**WHAT NEEDS TO BE DONE**
Please write out, exactly as given, every line of the entries below up to and including the line with "Με την ενσωμάτωση".

━━━ DATA FOR ANALYSIS

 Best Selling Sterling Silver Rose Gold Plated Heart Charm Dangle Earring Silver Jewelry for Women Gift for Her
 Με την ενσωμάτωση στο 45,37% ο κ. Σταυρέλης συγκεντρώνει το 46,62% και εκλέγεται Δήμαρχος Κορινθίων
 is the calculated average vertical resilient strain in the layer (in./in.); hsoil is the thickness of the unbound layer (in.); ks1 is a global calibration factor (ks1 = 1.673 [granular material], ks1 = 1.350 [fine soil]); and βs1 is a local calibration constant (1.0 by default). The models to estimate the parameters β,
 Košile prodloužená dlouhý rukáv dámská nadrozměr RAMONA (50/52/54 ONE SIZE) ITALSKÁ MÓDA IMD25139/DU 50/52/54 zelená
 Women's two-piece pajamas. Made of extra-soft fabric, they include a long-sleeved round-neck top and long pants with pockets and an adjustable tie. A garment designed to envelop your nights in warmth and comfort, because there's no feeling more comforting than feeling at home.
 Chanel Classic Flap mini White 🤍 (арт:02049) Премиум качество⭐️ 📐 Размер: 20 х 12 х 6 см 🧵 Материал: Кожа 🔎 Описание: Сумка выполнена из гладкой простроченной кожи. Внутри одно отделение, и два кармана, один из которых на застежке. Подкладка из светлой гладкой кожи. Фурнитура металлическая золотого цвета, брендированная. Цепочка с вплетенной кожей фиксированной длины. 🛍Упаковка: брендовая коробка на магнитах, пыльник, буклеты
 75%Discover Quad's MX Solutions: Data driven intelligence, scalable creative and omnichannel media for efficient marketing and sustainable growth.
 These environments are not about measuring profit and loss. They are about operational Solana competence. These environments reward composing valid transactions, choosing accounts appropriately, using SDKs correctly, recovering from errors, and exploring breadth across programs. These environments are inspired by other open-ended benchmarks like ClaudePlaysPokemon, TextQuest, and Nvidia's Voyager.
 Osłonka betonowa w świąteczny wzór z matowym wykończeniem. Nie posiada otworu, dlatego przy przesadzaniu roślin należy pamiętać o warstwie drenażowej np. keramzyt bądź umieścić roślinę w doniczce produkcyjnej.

━━━━━━

**ANSWER FOR THIS EXERCISE**
 Best Selling Sterling Silver Rose Gold Plated Heart Charm Dangle Earring Silver Jewelry for Women Gift for Her
 Με την ενσωμάτωση στο 45,37% ο κ. Σταυρέλης συγκεντρώνει το 46,62% και εκλέγεται Δήμαρχος Κορινθίων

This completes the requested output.